*Information provided:*

==================================================

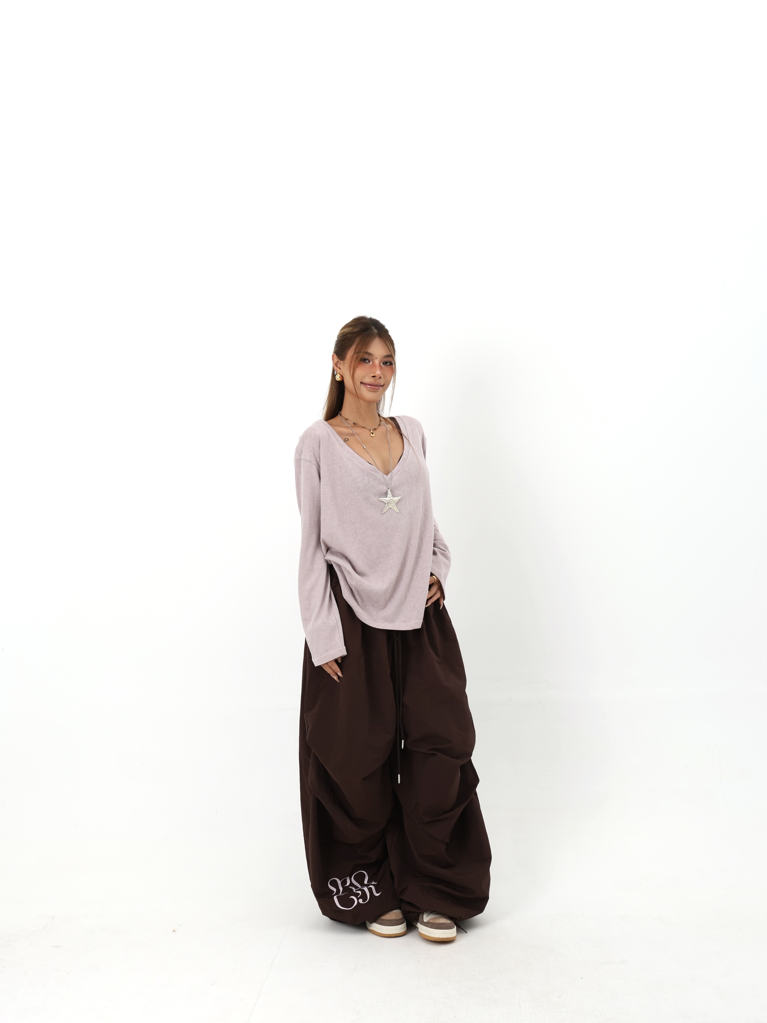 Blinggirls Autumn Lazy Sunscreen American Style Airy Relaxed V-Neck Loose Long Sleeve T-Shirt Top
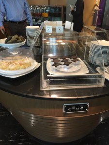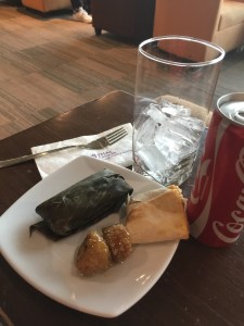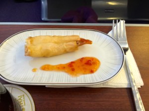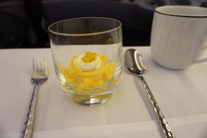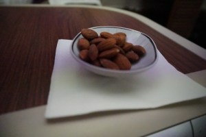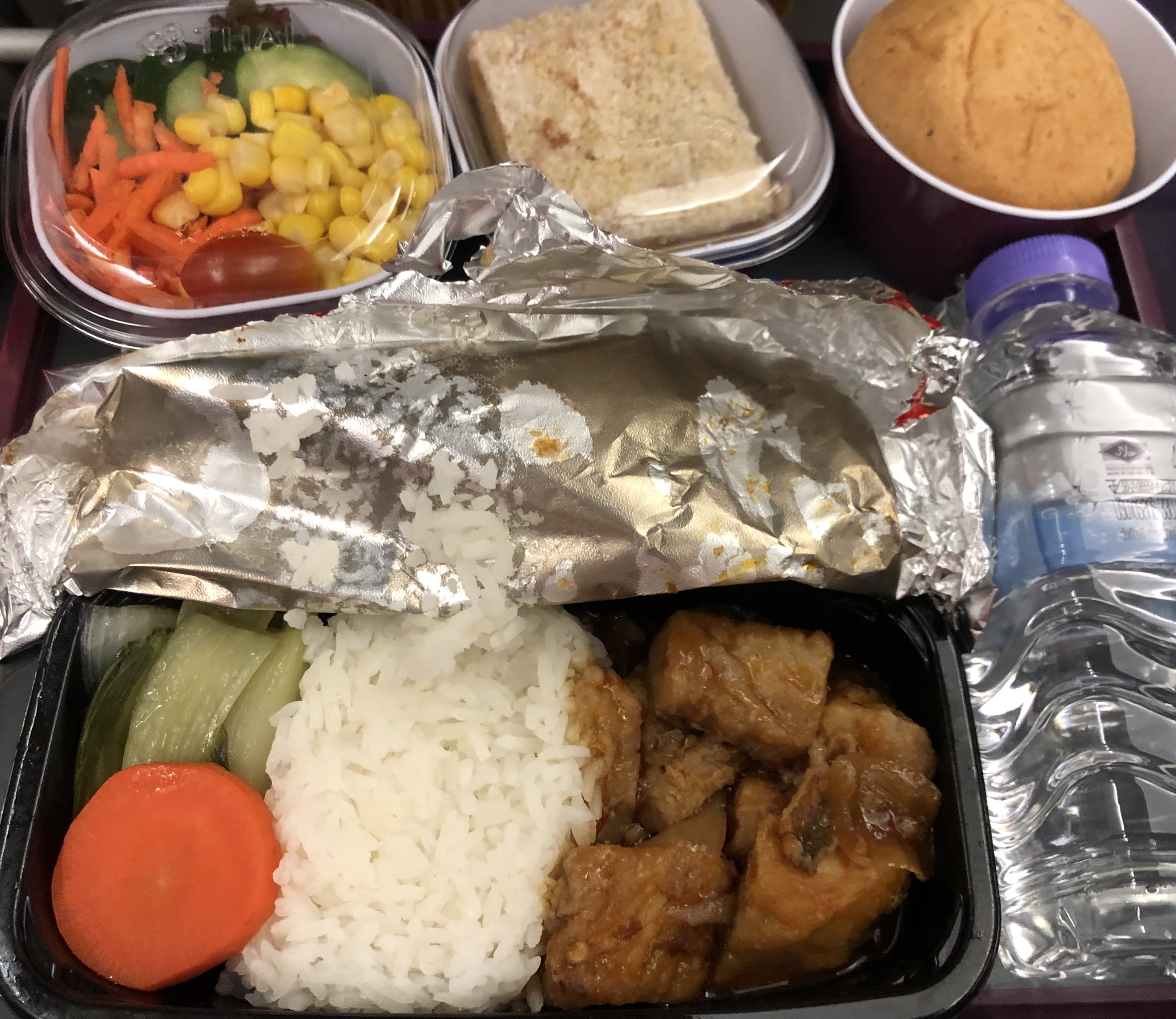 Meal service commenced about 45 mins after taking off. On this flight, we were given the chicken and the fish options. The chicken option is the Fried Rice with pepper chicken. My friend took this option and commented the chicken tasted bland and dry. I took the fish option, which has steamed rice with Fish in Spicy sauce. I thought the fish is a little tough and dry as well, but the flavourful spicy sauce makes up for the dryness in the fish. I only had a mouth of the yam moose cake dessert as I did not fancy the taste of yam. All meals come served with a bottle of water. A little after meal service is completed, the flight attendants went around the cabin serving tea and coffee to complete the meal.
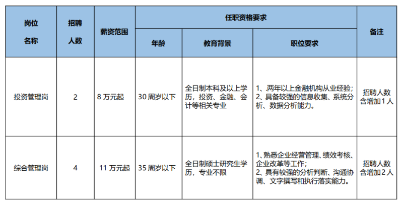 二、調(diào)整部分崗位招聘要求(具體內(nèi)容見下表)
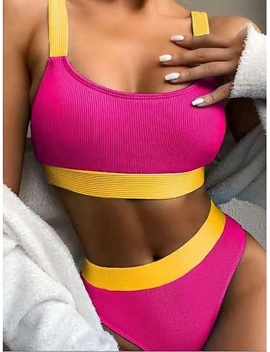 Naisten bikinit 2-osainen uimapuku värilohko kujeileva hoikka selkä paljaana lomaranta-asu värilohko V-kaula-aukko olkaimeton uimapuku

==================================================

Reproduce the entire listing exactly, but omit any pictures.

 Blinggirls Autumn Lazy Sunscreen American Style Airy Relaxed V-Neck Loose Long Sleeve T-Shirt Top
 Meal service commenced about 45 mins after taking off. On this flight, we were given the chicken and the fish options. The chicken option is the Fried Rice with pepper chicken. My friend took this option and commented the chicken tasted bland and dry. I took the fish option, which has steamed rice with Fish in Spicy sauce. I thought the fish is a little tough and dry as well, but the flavourful spicy sauce makes up for the dryness in the fish. I only had a mouth of the yam moose cake dessert as I did not fancy the taste of yam. All meals come served with a bottle of water. A little after meal service is completed, the flight attendants went around the cabin serving tea and coffee to complete the meal.
 二、調(diào)整部分崗位招聘要求(具體內(nèi)容見下表)
 Naisten bikinit 2-osainen uimapuku värilohko kujeileva hoikka selkä paljaana lomaranta-asu värilohko V-kaula-aukko olkaimeton uimapuku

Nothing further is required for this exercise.